[[ PROVIDED ENTRIES, beginning ]]
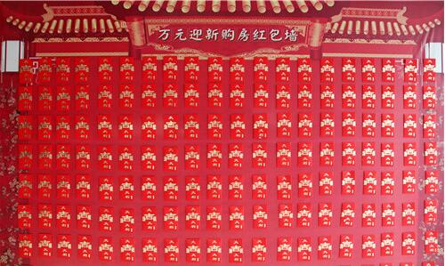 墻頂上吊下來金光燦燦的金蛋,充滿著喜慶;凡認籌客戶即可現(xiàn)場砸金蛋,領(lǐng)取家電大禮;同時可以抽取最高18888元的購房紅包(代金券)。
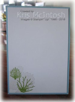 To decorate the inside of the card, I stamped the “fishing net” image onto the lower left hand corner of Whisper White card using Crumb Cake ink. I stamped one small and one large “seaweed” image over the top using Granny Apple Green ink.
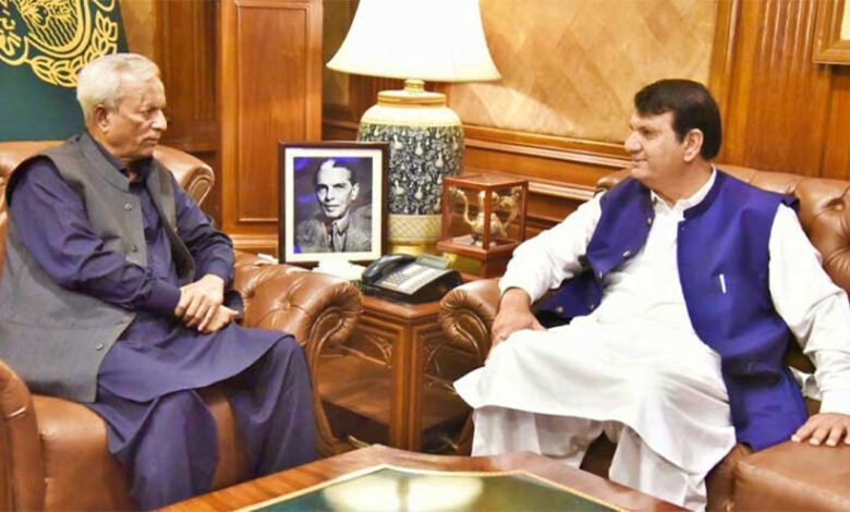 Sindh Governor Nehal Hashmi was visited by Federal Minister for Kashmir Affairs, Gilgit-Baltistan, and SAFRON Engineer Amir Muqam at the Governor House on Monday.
[[ PROVIDED ENTRIES, end ]]
[[ PROVIDED ENTRIES, beginning ]]
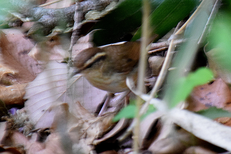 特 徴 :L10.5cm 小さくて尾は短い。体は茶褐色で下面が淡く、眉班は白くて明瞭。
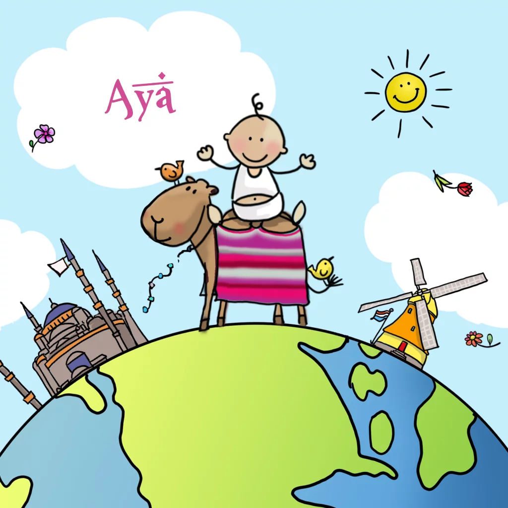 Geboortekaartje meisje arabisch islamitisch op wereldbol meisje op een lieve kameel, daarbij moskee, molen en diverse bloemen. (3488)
[[ PROVIDED ENTRIES, end ]]
[[ PROVIDED ENTRIES, beginning ]]
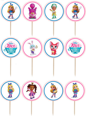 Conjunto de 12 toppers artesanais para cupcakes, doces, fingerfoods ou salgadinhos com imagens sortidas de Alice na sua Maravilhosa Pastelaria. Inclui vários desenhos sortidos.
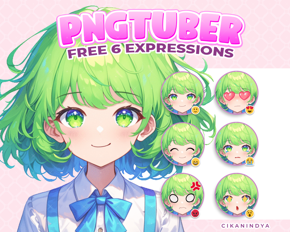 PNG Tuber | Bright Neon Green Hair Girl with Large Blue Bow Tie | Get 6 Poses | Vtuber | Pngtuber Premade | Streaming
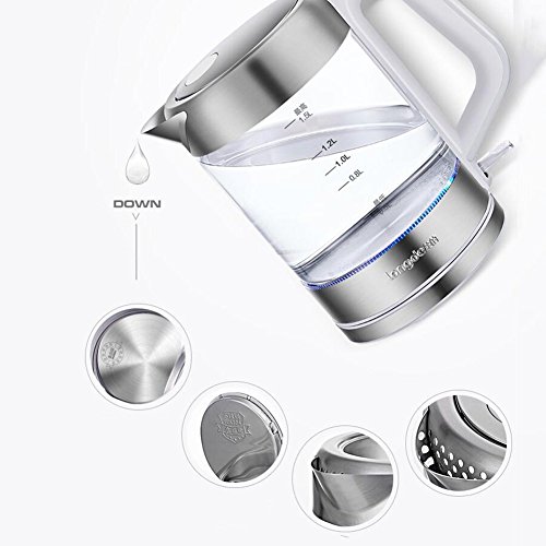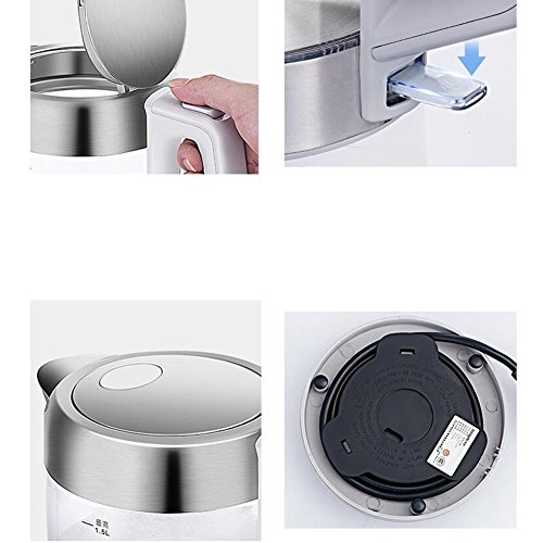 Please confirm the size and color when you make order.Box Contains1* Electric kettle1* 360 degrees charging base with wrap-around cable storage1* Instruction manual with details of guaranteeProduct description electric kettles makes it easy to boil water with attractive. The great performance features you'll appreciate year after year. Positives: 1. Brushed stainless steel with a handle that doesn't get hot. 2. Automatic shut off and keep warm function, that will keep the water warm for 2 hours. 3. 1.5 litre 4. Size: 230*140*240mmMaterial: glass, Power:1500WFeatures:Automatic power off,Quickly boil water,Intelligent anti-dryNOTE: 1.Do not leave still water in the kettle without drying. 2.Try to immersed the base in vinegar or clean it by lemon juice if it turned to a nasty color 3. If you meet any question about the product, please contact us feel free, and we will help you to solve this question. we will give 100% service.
[[ PROVIDED ENTRIES, end ]]
→ **GOAL OF THE EXERCISE**: Copy the lines above exactly, starting at the one with "Conjunto de 12" and ending at the one with "Please confirm the", both included. Leave out any pictures and add nothing else.

→ **WRITTEN ANSWER**:
 Conjunto de 12 toppers artesanais para cupcakes, doces, fingerfoods ou salgadinhos com imagens sortidas de Alice na sua Maravilhosa Pastelaria. Inclui vários desenhos sortidos.
 PNG Tuber | Bright Neon Green Hair Girl with Large Blue Bow Tie | Get 6 Poses | Vtuber | Pngtuber Premade | Streaming
 Please confirm the size and color when you make order.Box Contains1* Electric kettle1* 360 degrees charging base with wrap-around cable storage1* Instruction manual with details of guaranteeProduct description electric kettles makes it easy to boil water with attractive. The great performance features you'll appreciate year after year. Positives: 1. Brushed stainless steel with a handle that doesn't get hot. 2. Automatic shut off and keep warm function, that will keep the water warm for 2 hours. 3. 1.5 litre 4. Size: 230*140*240mmMaterial: glass, Power:1500WFeatures:Automatic power off,Quickly boil water,Intelligent anti-dryNOTE: 1.Do not leave still water in the kettle without drying. 2.Try to immersed the base in vinegar or clean it by lemon juice if it turned to a nasty color 3. If you meet any question about the product, please contact us feel free, and we will help you to solve this question. we will give 100% service.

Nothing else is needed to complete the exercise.